Given records:
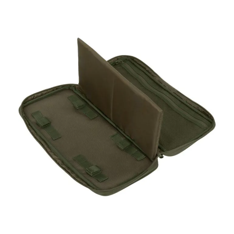 Le sac Trakker NXG Buzzer Bar Bag a été conçu pour protéger vos alarmes et repose-cannes arrière lorsqu’ils sont fixés à vos buzzbars. Convient pour des configurations de buzzbars 2 et 3 cannes jusqu’à 38 cm, selon la taille de l’alarme. Doté d’une poche intérieure zippée pour ranger les accessoires d’alarmes tels que des piles de rechange et des indicateurs de touche, il dispose également de sangles réglables pour s’adapter à une large gamme de tailles de buzzbars. Le coussin de protection intérieur sépare vos alarmes de la poche d’accessoires, et à l’arrière du coussin se trouvent des boucles élastiques pour ranger six piques. Protection très bien rembourrée, fermetures éclair robustes à double sens, fabriqué en tissu durable n-dura, et poignée pour le transport.
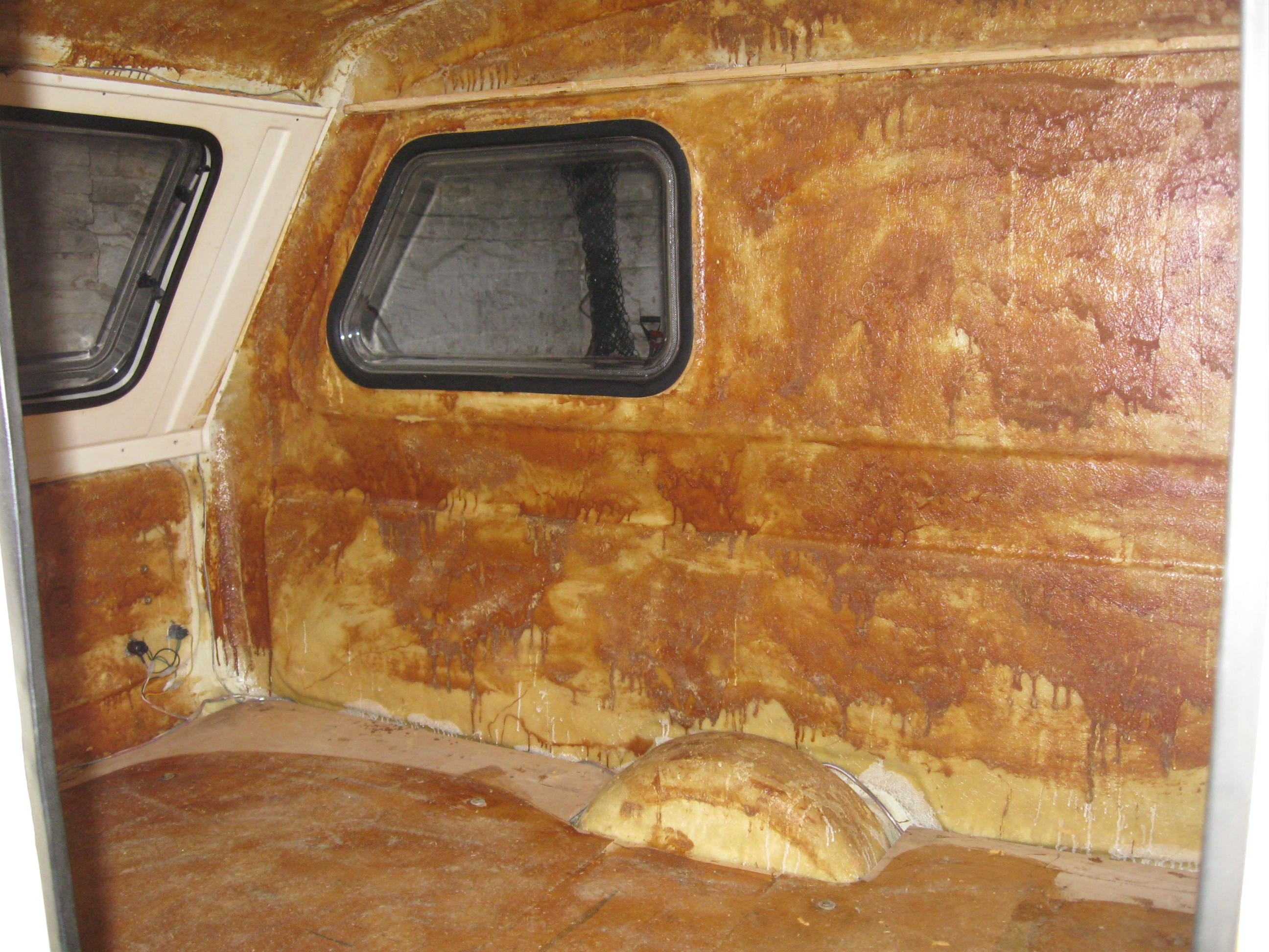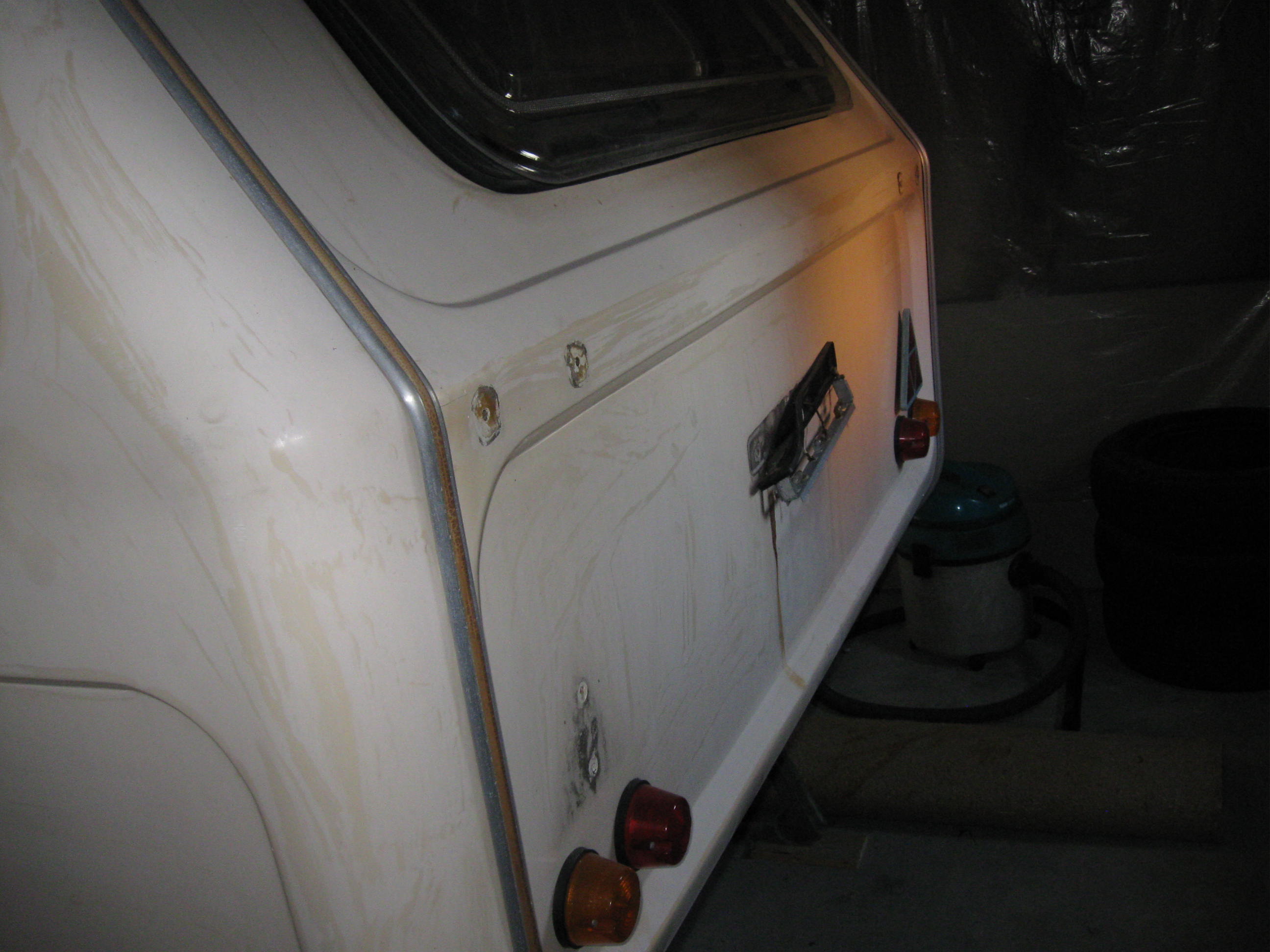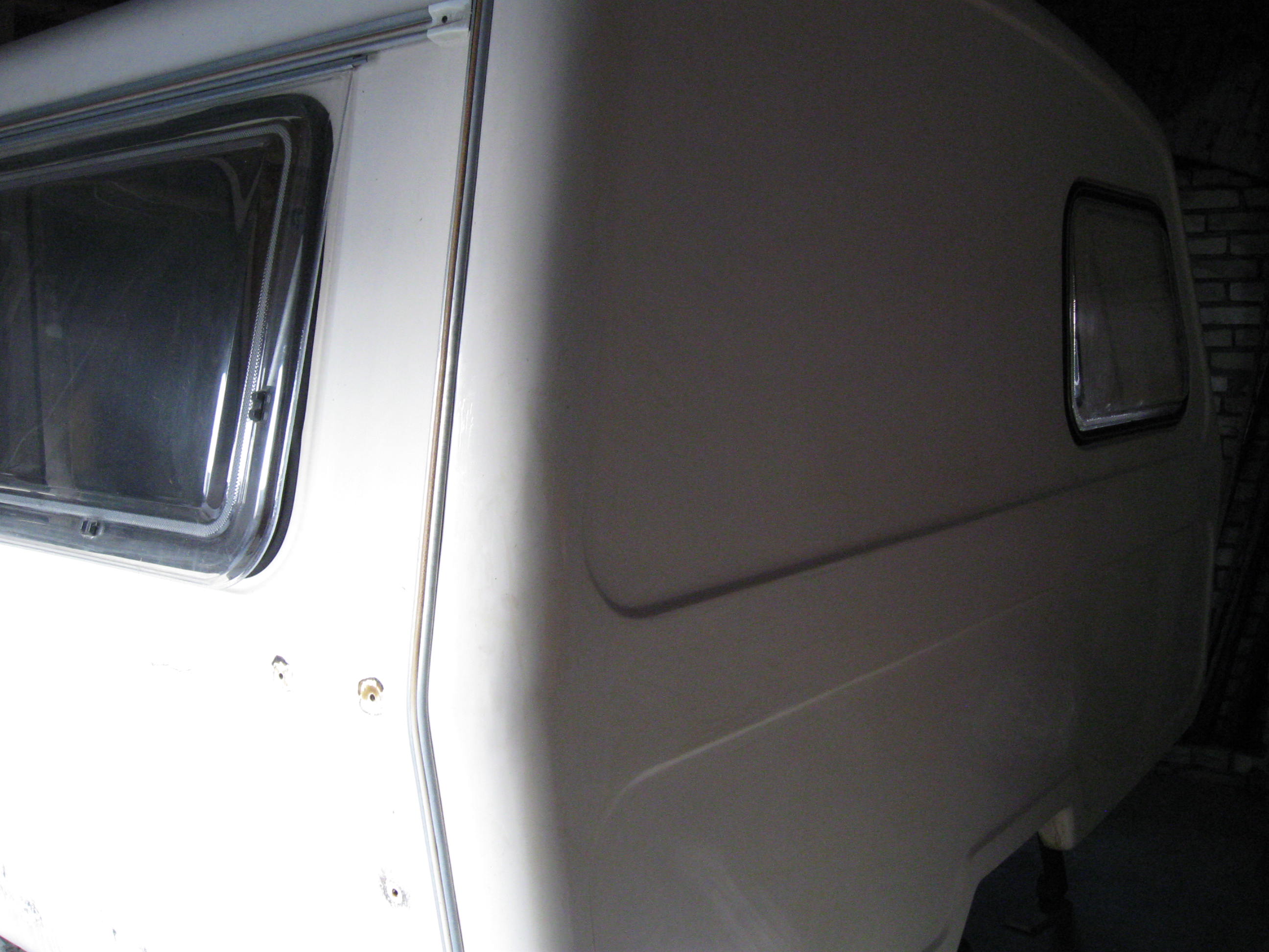 Następnie zabrałem się za dolną krawędź nadwozia,tj miejsce w którym podłoga łączy się ze skorupą.Przy pomocy szlifierki i tarczy lamelowej usunąłem łuszczące się elementy masy uszczelniającej oraz wygładziłem powierzchnię.Na miejsca w których były ubytki nałożyłem matę szklaną z żywicą.Żywicą wzmocniłem także cały "szew" dookoła przyczepy,wewnętrzne powierzchnie nadkoli oraz miejsca w których były "odpryski" laminatu.
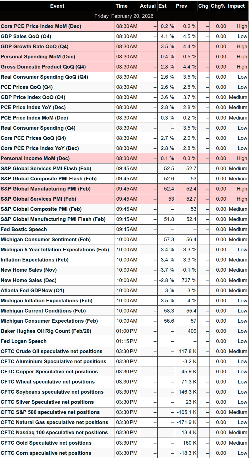 Markets are focused on several major catalysts today, led by the Core PCE Price Index (8:30am ET) and a potentially market-moving Supreme Court ruling on Trump-era tariffs. The Court convenes at 10:00am ET and could rule on whether tariffs imposed under the 1977 IEEPA law are legal. Any decision is expected to trigger sharp volatility in either direction.
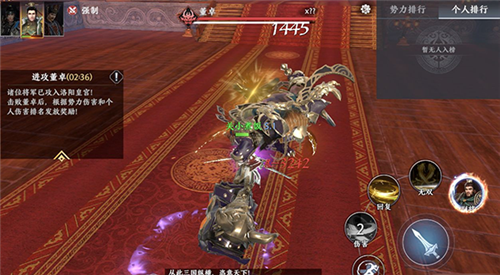 第三关【洛阳皇宫】:全服顶尖势力集结,合力挑战BOSS董卓。根据个人与势力伤害排名发放丰厚奖励,上榜势力还可开启专属拍卖,全员分红。
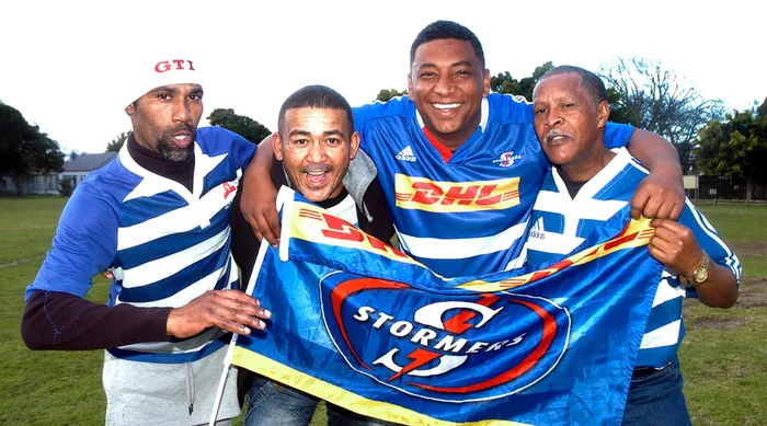 MET YS, JA: Jacques Ryk and Ben-Anthony Fransman of Citrusdal stieked uit for match. FUN: Jocem Basson posing with John Fransman from Citrusdal. SUPER FANS: Michelle Pedro, Edwin Claasen, Eldrey Davids and Godwin Fortuin of Grabouw at Newlands.
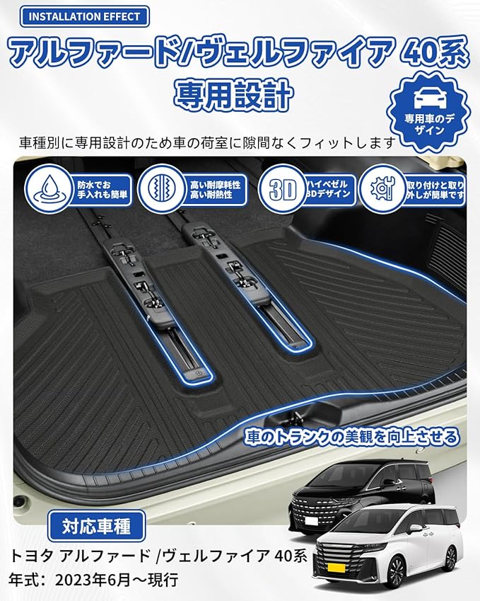 【簡単取付&メーカー保証】:alphard 40系 /vellfire 40系ラゲッジマットをラゲッジ(トランク)に置くだけです。車種専用設計のため、隙間なくぴったりにフィットします。純正品並みのフィット感を手に入れます!トランクマットを受け取ったら、車両のトランクに直接置いて、工具なしで取り付けることができます。マットを受け取ったら、車両の床に直接置いて、工具なしで取り付けることができます。時間の経過とともに回復します。お湯やドライヤーなどで暖められば、すぐに元の状態に戻ります。耐候性に優れ、長時間使用しても表面劣化が起こりません
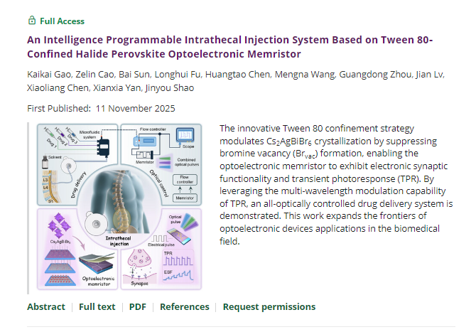 通过精确控制Tween 80封闭程度,研究团队制备了大晶粒尺寸、无针孔、高结晶度、超高光致发光强度的Cs2AgBiBr6薄膜。为了评估其在光电子器件中的性能表现,研究团队通过垂直堆叠工艺制备了钙钛矿基光电忆阻器,该忆阻器兼具电子突触功能(ESF)和瞬态光响应(TPR)特性。利用电刺激下的ESF在MNIST识别任务中达到了91%的识别准确率。在光刺激下,它展示出20 ms响应时间的TPR、931.7 s的超长耐久性,以及在5 Hz下超103次循环定性。在应用方面,所制备光电忆阻器通过多波长光脉冲编程实现了全光控写入和擦除,能够完成复杂的全光控图像处理任务。此外,作者们特别展示了一种基于光电忆阻器的全光控鞘内药物注射系统,最高可支持六种特定的药物释放策略。该工作为调控钙钛矿成核提供了可参考的封闭工艺和理论支持,也展示了光电忆阻器在全光控鞘内药物注射系统中的应用前景。
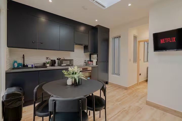 🍴 Open-Plan Dining & Kitchen Area – Whip up a delicious meal in the fully equipped kitchen, then unwind on the sofa bed and binge-watch your favorite Netflix shows on the flat-screen TV. 🍝📺
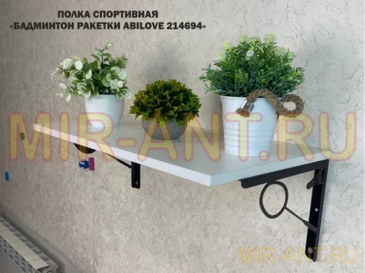Полка спортивная "БАДМИНТОН РАКЕТКИ ABILOVE-214694" для кубков, белая, размер 30х60см - MIR-ANT.RU
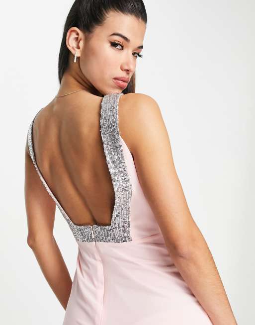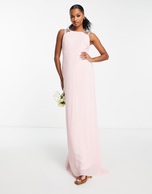 TFNC Petite square back embellished maxi dress in light pink Very well made.
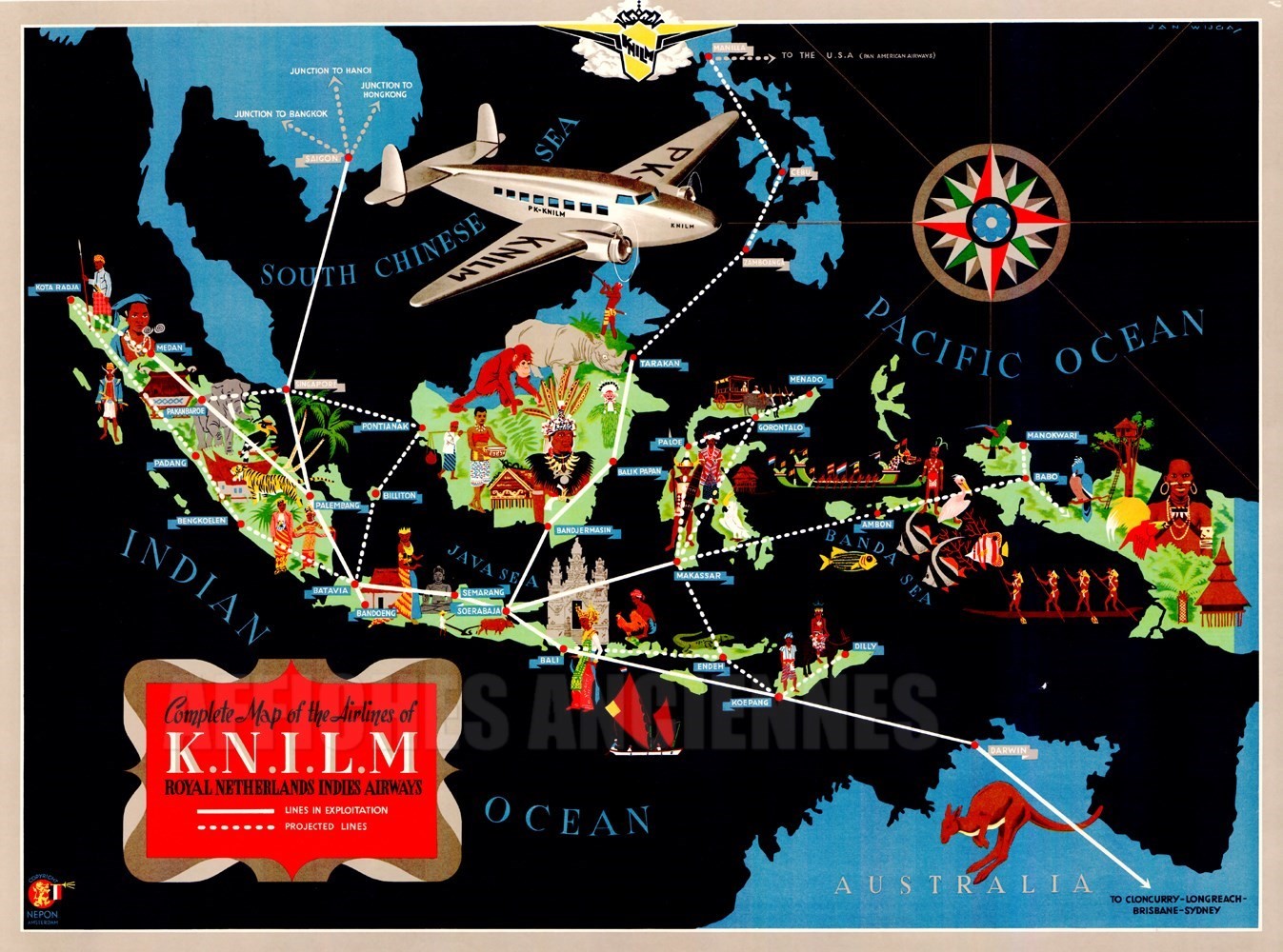REPRODUCTION AFFICHE ANCIENNE MAPPEMEONDE KLM

What the task requires: The whole listing above, minus its pictures, is what you should write out word for word.

Finished exercise:
 Le sac Trakker NXG Buzzer Bar Bag a été conçu pour protéger vos alarmes et repose-cannes arrière lorsqu’ils sont fixés à vos buzzbars. Convient pour des configurations de buzzbars 2 et 3 cannes jusqu’à 38 cm, selon la taille de l’alarme. Doté d’une poche intérieure zippée pour ranger les accessoires d’alarmes tels que des piles de rechange et des indicateurs de touche, il dispose également de sangles réglables pour s’adapter à une large gamme de tailles de buzzbars. Le coussin de protection intérieur sépare vos alarmes de la poche d’accessoires, et à l’arrière du coussin se trouvent des boucles élastiques pour ranger six piques. Protection très bien rembourrée, fermetures éclair robustes à double sens, fabriqué en tissu durable n-dura, et poignée pour le transport.
 Następnie zabrałem się za dolną krawędź nadwozia,tj miejsce w którym podłoga łączy się ze skorupą.Przy pomocy szlifierki i tarczy lamelowej usunąłem łuszczące się elementy masy uszczelniającej oraz wygładziłem powierzchnię.Na miejsca w których były ubytki nałożyłem matę szklaną z żywicą.Żywicą wzmocniłem także cały "szew" dookoła przyczepy,wewnętrzne powierzchnie nadkoli oraz miejsca w których były "odpryski" laminatu.
 Markets are focused on several major catalysts today, led by the Core PCE Price Index (8:30am ET) and a potentially market-moving Supreme Court ruling on Trump-era tariffs. The Court convenes at 10:00am ET and could rule on whether tariffs imposed under the 1977 IEEPA law are legal. Any decision is expected to trigger sharp volatility in either direction.
 第三关【洛阳皇宫】:全服顶尖势力集结,合力挑战BOSS董卓。根据个人与势力伤害排名发放丰厚奖励,上榜势力还可开启专属拍卖,全员分红。
 MET YS, JA: Jacques Ryk and Ben-Anthony Fransman of Citrusdal stieked uit for match. FUN: Jocem Basson posing with John Fransman from Citrusdal. SUPER FANS: Michelle Pedro, Edwin Claasen, Eldrey Davids and Godwin Fortuin of Grabouw at Newlands.
 【簡単取付&メーカー保証】:alphard 40系 /vellfire 40系ラゲッジマットをラゲッジ(トランク)に置くだけです。車種専用設計のため、隙間なくぴったりにフィットします。純正品並みのフィット感を手に入れます!トランクマットを受け取ったら、車両のトランクに直接置いて、工具なしで取り付けることができます。マットを受け取ったら、車両の床に直接置いて、工具なしで取り付けることができます。時間の経過とともに回復します。お湯やドライヤーなどで暖められば、すぐに元の状態に戻ります。耐候性に優れ、長時間使用しても表面劣化が起こりません
 通过精确控制Tween 80封闭程度,研究团队制备了大晶粒尺寸、无针孔、高结晶度、超高光致发光强度的Cs2AgBiBr6薄膜。为了评估其在光电子器件中的性能表现,研究团队通过垂直堆叠工艺制备了钙钛矿基光电忆阻器,该忆阻器兼具电子突触功能(ESF)和瞬态光响应(TPR)特性。利用电刺激下的ESF在MNIST识别任务中达到了91%的识别准确率。在光刺激下,它展示出20 ms响应时间的TPR、931.7 s的超长耐久性,以及在5 Hz下超103次循环定性。在应用方面,所制备光电忆阻器通过多波长光脉冲编程实现了全光控写入和擦除,能够完成复杂的全光控图像处理任务。此外,作者们特别展示了一种基于光电忆阻器的全光控鞘内药物注射系统,最高可支持六种特定的药物释放策略。该工作为调控钙钛矿成核提供了可参考的封闭工艺和理论支持,也展示了光电忆阻器在全光控鞘内药物注射系统中的应用前景。
 🍴 Open-Plan Dining & Kitchen Area – Whip up a delicious meal in the fully equipped kitchen, then unwind on the sofa bed and binge-watch your favorite Netflix shows on the flat-screen TV. 🍝📺
Полка спортивная "БАДМИНТОН РАКЕТКИ ABILOVE-214694" для кубков, белая, размер 30х60см - MIR-ANT.RU
 TFNC Petite square back embellished maxi dress in light pink Very well made.
REPRODUCTION AFFICHE ANCIENNE MAPPEMEONDE KLM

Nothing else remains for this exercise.